The end of September saw an unusual, early evening gathering at the Verizon Suite in Reading. Yes, several Verizon employees were there – but so too was the deputy mayor of Reading, along with representatives from local schools, businesses and educational establishments. They were all there for the final of the Verizon Unloc Enterprise Challenge, to hear the five finalists pitch their idea, and see the winner crowned.
The Unloc Enterprise Challenge, sponsored by Verizon, was launched on April 23, 2018. The Challenge invited budding entrepreneurs aged 16-25 to submit their start-up business concept in the hope of winning £5,000 of funding, a mentorship package and a technology bundle to help get their business off the ground.
The Reading event marked the culmination of six months of hard work by the budding entrepreneurs! Video entries from all across Europe had been whittled down to five potential winners, all of whom were invited to pitch their idea ‘live’ in front of the specially invited audience, and four judges. I was lucky enough to be one of those judges, alongside my Verizon colleague, David Wilsher; Charlie Oliver from One Young World; and Ben Dowling from Unloc itself.
The five finalists pitching last week were:
- Wassim El Hariri (SASHA): SASHA (Smart Autonomous System for Hospital Assistance) is the first mobile robot in the world that is able to fully automate food distribution in hospitals giving each patient the correct meal on time. With existing mobile robots introduced into healthcare you need to manually load the goods and then manually unload them at the station when the robot travels from point to point. However, SASHA's unique design and concept creates a robot that can automate the picking, placing and distribution of meals.
- Alison Wood (Lilypads): Lilypads strives to end period poverty and stigma by providing affordable reusable sanitary pads and education to communities in Kenya. The social enterprise sells reusable sanitary pads to local communities in Homa Bay and provides empowering menstrual health education to school girls. The pads are produced in Nairobi enabling the cost of the pads to be kept as low as possible. A pack of pads lasts 2 years and is thus 1/6th of the price of disposables on the market. Pads are therefore accessible and provide a long term, environmentally sustainable solution. Lilypads offers a simple solution to a monumental issue and aims to ensure that no one feels isolated or endangered as a result of their period.
- Shwetal Shah (Erase All Kittens): E.A.K. is a revolutionary, online game that gives kids aged 8-14 knowledge of both computational thinking and professional coding languages, to effectively prepare them for 21st Century degrees and careers. E.A.K. has a huge focus on creativity - after all there’s not much point in students learning to code if they aren’t going to create! The aim is to bridge the gap that exists between learning the concepts of coding and being able to apply practical knowledge in a creative way.
- Ben Normal (BREWED): BREWED is a liquid tea concept that brings added health benefits due to the unique way in which its tea is prepared. BREWED was developed to prevent the unnecessary overuse of tea leaves in tea bag production, and its waste products are also recycled and used as fertilizer.
- Danielle Connor (Pocket Pals): Pocket Pals is an app that connects people with wildlife and the environment through their mobile phones. The app utilises GPS on mobile devices, allowing players to walk and locate digital animals. Through the excitement of exploring and tracking animated animals, users will learn how to identify and classify British fauna, from quirky Pine martens to less known but equally marvellous animals such as the Sunfish. Pocket Pals aims to engage young people with wildlife with a free-to-play app featuring charismatic virtual animals based on the wildlife of Britain.
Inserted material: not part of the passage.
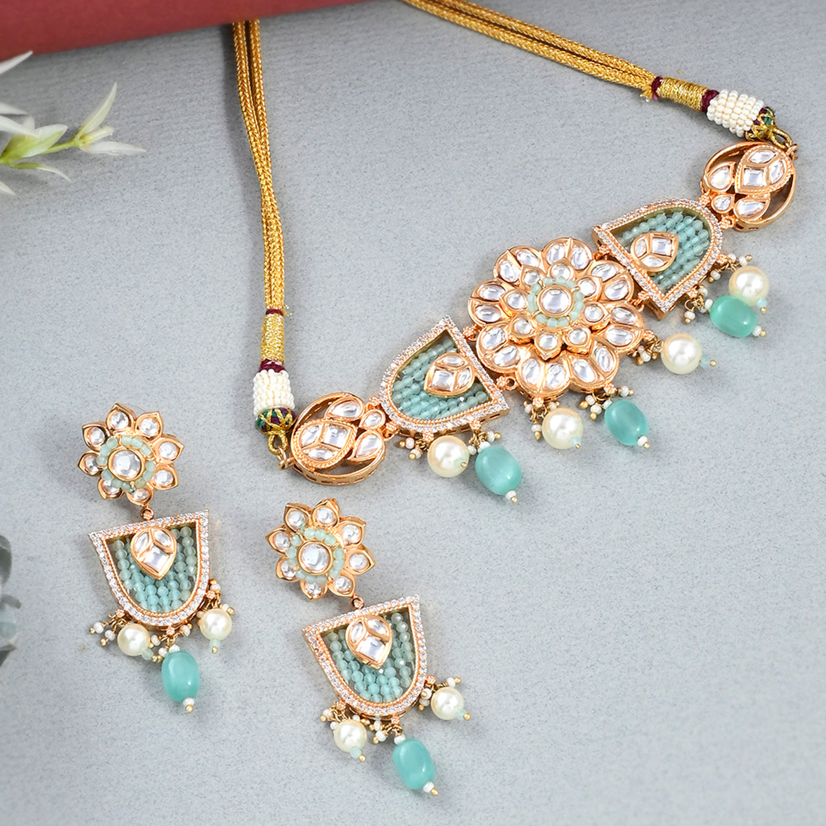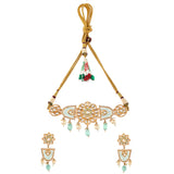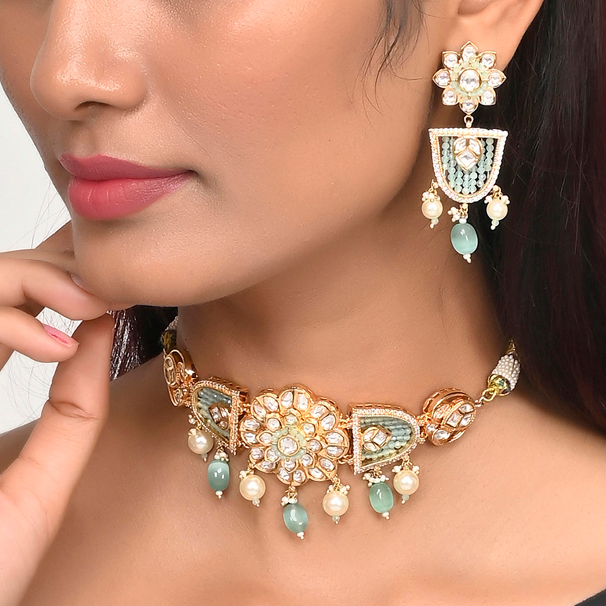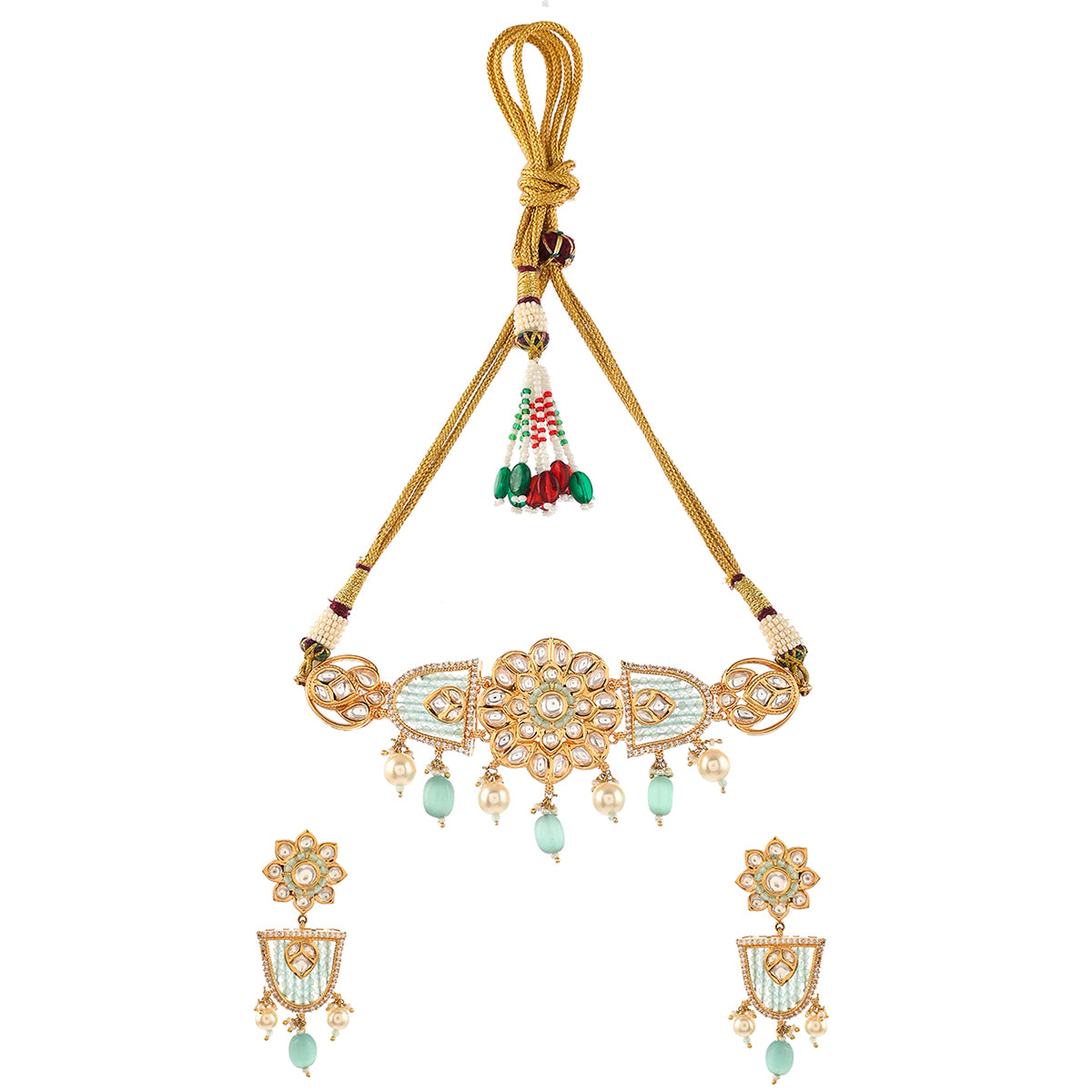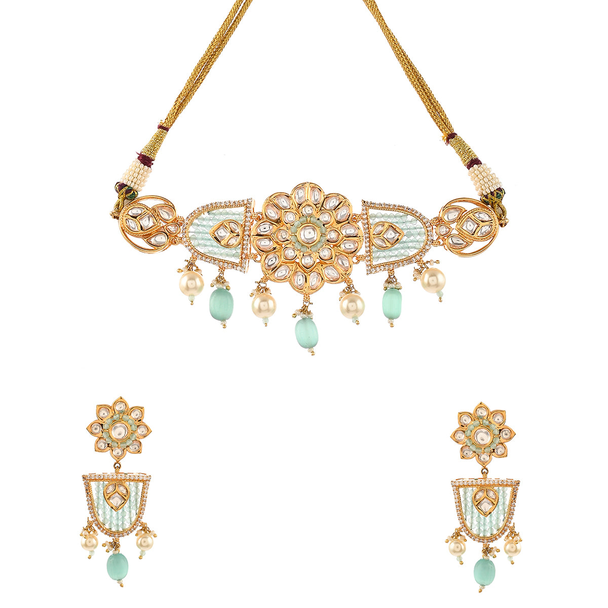 A luxurious jewellery set, fashioned after classic royal pieces. Made from brass and gold plated, the choker and drop earrings have been embellished with pearls and faux kundan gemstones in various alluring cuts. Lightweight and comfortable, the set can be paired with a wide variety of ethnic outfits.

And the winner was…. Lilypads! All of the judges felt that Lilypads was a great fit for all 4 key judging criteria (creativity, sustainability, viability), and also felt that the prize money would have instant impact.
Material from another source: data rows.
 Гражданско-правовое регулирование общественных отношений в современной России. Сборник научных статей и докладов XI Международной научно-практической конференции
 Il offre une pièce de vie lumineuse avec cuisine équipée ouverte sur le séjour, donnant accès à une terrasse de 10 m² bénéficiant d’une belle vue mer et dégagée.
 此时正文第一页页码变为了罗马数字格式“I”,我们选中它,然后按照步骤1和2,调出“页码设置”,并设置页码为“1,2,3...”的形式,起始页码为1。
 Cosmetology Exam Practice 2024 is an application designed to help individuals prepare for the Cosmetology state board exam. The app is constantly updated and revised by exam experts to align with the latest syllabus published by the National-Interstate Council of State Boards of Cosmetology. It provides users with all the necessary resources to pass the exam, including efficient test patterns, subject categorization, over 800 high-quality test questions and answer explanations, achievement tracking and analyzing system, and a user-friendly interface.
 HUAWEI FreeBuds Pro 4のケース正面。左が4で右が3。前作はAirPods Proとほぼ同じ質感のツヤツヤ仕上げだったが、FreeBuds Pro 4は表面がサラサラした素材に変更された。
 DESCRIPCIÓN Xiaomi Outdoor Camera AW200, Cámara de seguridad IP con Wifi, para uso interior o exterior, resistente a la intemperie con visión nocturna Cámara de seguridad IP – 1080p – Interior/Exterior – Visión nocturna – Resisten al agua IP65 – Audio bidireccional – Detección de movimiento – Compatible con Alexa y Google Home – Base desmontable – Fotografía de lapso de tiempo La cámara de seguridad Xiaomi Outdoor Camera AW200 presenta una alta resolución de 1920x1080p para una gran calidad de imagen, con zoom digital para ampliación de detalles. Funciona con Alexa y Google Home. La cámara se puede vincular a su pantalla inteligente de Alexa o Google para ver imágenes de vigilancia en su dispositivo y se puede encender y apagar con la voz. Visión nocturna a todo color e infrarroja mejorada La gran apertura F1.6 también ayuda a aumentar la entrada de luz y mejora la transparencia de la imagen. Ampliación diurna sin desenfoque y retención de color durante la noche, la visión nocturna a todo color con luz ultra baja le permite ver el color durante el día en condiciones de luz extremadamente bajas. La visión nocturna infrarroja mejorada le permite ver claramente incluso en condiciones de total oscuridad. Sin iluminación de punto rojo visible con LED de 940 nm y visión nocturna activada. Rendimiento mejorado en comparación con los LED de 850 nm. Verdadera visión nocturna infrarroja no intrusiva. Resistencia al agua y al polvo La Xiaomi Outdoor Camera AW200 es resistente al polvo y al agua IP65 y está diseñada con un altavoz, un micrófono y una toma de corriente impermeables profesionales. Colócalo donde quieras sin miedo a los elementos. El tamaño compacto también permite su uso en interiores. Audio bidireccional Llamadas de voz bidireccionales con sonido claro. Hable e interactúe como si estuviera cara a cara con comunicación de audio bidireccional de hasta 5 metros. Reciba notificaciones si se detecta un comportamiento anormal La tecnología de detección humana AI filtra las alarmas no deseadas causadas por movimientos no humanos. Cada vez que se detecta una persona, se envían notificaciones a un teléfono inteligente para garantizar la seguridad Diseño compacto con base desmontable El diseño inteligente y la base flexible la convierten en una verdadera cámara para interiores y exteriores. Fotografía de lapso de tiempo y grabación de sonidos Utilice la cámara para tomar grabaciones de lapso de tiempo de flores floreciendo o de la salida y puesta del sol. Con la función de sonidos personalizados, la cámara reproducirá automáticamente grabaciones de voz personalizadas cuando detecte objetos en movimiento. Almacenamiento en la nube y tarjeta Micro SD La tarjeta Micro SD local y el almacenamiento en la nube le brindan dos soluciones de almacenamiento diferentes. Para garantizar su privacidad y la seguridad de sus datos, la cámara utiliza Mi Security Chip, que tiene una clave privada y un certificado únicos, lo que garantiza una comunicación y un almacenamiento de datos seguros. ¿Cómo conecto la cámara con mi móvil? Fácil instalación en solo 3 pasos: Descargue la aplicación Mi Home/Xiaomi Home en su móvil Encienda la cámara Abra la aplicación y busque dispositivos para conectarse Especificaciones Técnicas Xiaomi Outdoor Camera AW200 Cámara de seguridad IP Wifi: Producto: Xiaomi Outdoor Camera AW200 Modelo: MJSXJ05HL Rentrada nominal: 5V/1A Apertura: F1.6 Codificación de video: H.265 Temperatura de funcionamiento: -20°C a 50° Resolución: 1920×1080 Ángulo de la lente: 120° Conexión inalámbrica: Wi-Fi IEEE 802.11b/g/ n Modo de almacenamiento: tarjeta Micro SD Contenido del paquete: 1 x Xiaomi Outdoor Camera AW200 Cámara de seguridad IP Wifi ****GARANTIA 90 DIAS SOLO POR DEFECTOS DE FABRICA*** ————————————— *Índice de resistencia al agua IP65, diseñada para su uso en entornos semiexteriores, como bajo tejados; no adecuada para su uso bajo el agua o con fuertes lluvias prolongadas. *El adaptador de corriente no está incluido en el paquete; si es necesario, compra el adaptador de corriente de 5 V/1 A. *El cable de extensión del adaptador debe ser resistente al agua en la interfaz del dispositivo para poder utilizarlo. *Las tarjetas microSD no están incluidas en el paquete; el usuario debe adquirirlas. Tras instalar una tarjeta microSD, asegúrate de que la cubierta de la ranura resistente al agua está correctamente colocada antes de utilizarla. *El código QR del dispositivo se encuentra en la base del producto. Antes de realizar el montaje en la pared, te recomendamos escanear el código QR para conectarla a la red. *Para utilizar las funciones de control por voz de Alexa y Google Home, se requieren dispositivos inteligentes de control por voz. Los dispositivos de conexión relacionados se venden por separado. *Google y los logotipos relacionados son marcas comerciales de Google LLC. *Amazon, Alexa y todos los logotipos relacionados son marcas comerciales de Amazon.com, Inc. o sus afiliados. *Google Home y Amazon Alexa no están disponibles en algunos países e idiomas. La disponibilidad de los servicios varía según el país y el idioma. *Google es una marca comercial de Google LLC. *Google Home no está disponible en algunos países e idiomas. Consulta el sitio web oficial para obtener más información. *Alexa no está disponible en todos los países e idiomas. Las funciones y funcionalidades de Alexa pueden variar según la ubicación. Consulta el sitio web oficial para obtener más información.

Alison Wood of Lilypads said: “I was so surprised when I heard I’d won! There was stiff competition from the other finalists, all of whom had great ideas. This prize money will enable us to fulfil an existing order from a school in Kenya, and will also support us as we work to expand our business.”
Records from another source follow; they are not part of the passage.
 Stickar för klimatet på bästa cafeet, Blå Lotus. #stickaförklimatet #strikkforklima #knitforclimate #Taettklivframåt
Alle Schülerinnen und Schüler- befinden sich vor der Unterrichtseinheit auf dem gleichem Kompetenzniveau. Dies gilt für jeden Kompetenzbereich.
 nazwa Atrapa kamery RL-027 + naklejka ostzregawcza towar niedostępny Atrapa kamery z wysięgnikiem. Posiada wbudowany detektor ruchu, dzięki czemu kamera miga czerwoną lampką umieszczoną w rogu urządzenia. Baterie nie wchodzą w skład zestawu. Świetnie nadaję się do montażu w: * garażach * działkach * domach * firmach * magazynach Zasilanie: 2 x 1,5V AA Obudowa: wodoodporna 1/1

Verizon has a long history of supporting innovation. Through Humanability, a mission that aims to give humans the ability to do more in this world, Verizon partners with visionaries all over the globe who use technology and data to turn innovative ideas into reality. In the United States, the transformative program called Verizon Innovative Learning provides free technology, free internet access, and hands-on learning experiences to help give under-resourced students the education they deserve and to prepare them for a tech-dependent economy. In addition, the Verizon 5G Labs work with companies of all sizes to bring their non-traditional connected solutions to market. This new relationship with Unloc has brought this focus on innovation to Europe, with the competition designed to promote self-development, technology and entrepreneurship skills amongst young people.